Church and State vs. Special Interests

Religious groups are political powerful, I told him, and they no doubt have had some influence on the development of America’s wine laws. But that’s not the reason the laws don’t change, I said. It is the interests of those who gain from the current set up. He wasn’t convinced. He seemed to think that a moral explanation was inherently more persuasive (or more American?) than an economic one. But I still think I’m right.

My explanation — that economic forces organize around any set of regulations, become entrenched and use their political and economic clout to prevent change — has a good economic pedigree. It is the theory of structural rigidities developed by Mancur Olson in his two classic books, The Logic of Collective Action and The Rise and Decline of Nations.

Olson’s theory is elegantly simply. Restrictive economic arrangements benefit a small number of actors a great deal, so they have a strong incentive to organize and fight change. Eliminating the restrictions benefits a larger but widely diffused set of actors who have correspondingly smaller individual incentive to take action.

Even though the collective gain from liberalizing arrangements is likely to exceed the collective loss, the concentrated established interests have more of an incentive to influence legislators and regulators than the general public. This is why regulations, once enacted, are difficult to change. Public gain cannot seem to trump concentrated private interests.

Olson developed this theory in The Logic of Collective Action and used it in The Rise and Decline to explain why rich, stable economies sometimes experience slower growth rates.
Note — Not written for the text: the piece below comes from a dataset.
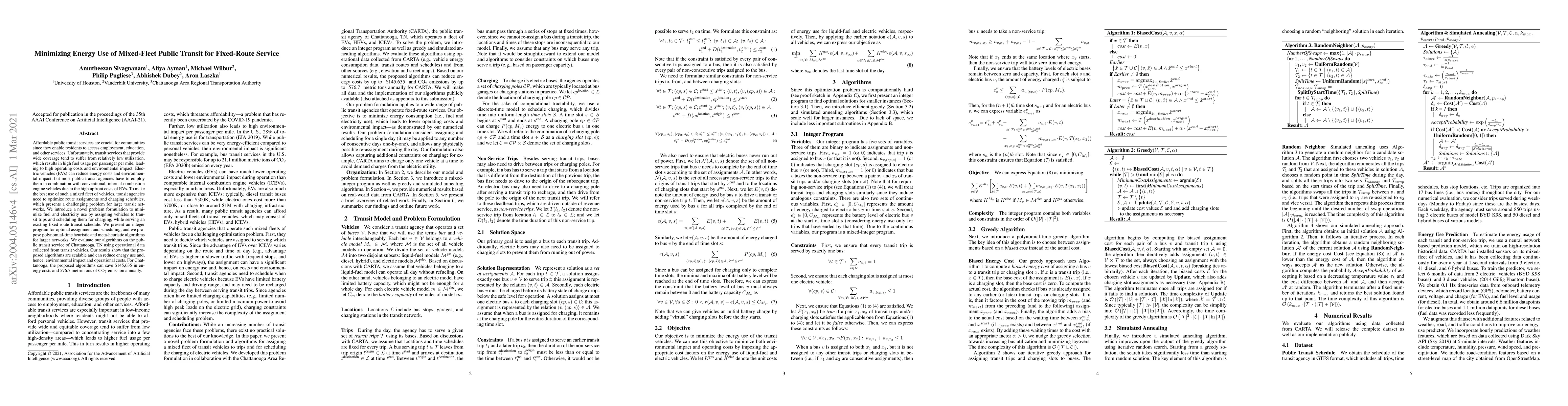 This paper proposes a novel optimization approach to minimize energy use in mixed-fleet public transit systems by optimizing vehicle assignment and charging schedules. The study demonstrates significant reductions in energy costs and CO2 emissions for Chattanooga, TN's transit service, saving $145,635 annually and 576.7 metric tons of CO2.

Stability allows interests to become entrenched and structural rigidities to solidify. Change becomes more and more difficult and potential collective gains from innovation are systematically sacrificed on the altar of vested interest.

Every once in a while, Olson argued, advanced nations need something that will shake things up and weaken the grip of special interests. Then all sorts of change becomes possible.
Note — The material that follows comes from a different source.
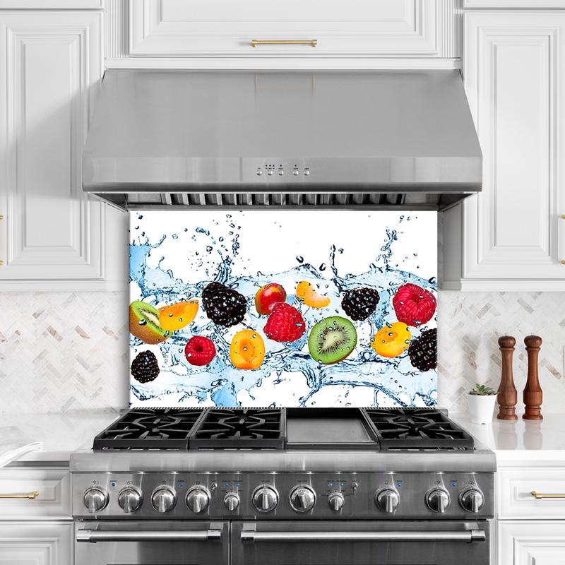Стеклянная панель для кухни "всплеск фруктов" 60х40см

A Loaf of Bread But No Jug of Wine

An article by Graham Rayman in the August 11, 2009 Village Voice provides evidence to support this theory. New York is one of 15 US states where it is illegal to purchase wine or beer in a supermarket (and you can’t buy bread or cheese in a NY wine shop, either). It isn’t so much separation of Church and State as the division of  Wine and Cheese. Supermarkets can sell wine, beer and spirits as provided by the law, and some do this, but they must have separate stores with separate entrances, checkout stands and so forth.
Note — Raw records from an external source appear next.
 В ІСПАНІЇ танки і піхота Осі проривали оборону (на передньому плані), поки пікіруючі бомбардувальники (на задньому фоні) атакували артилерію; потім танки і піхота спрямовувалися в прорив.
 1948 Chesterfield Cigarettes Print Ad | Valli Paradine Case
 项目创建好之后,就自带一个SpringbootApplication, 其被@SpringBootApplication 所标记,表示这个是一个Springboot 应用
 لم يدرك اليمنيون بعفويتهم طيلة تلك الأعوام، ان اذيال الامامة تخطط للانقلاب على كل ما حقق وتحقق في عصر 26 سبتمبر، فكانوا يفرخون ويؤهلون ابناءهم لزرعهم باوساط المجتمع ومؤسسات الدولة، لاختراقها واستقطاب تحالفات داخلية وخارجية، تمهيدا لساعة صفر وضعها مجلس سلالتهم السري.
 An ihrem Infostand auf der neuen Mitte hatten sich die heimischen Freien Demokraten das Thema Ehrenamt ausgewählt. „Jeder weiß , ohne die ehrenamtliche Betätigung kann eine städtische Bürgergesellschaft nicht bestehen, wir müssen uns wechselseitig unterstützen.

Two doors, two lines, two sets of store staff. Greater legal control alcohol sales is possible, I suppose, but at a considerable sacrifice in convenience.  It is probably not a surprise that wineries and wine enthusiasts would want to change this, but it isn’t an easy thing to do.

The Village Voice article explains how liquor store interests organized and lobbied the NY legislature to kill a recent bill that would have permitted supermarket sales. The main force behind the proposal was the state government’s need for revenue — the state projected that increased sales though supermarkets would have added to state tax coffers. The story focuses on the anti-reform lobby — it would be interesting to know more about than the author reports here about how supermarket chain and corporate wine producer interests reacted to the bill. But the point about the blocking power of small but concentrated interests is well made.

Shake It Up, Baby

Supermarkets are just one distribution vector for wine, of course, and New Yorkers have many competitive specialist stores to keep prices down and service up, so we don’t need to feel too sorry for them. But it does seem that the increased convenience of grocery store sales would help expand the wine market and promote wine as a lifestyle choice. It’s too bad the reform effort failed.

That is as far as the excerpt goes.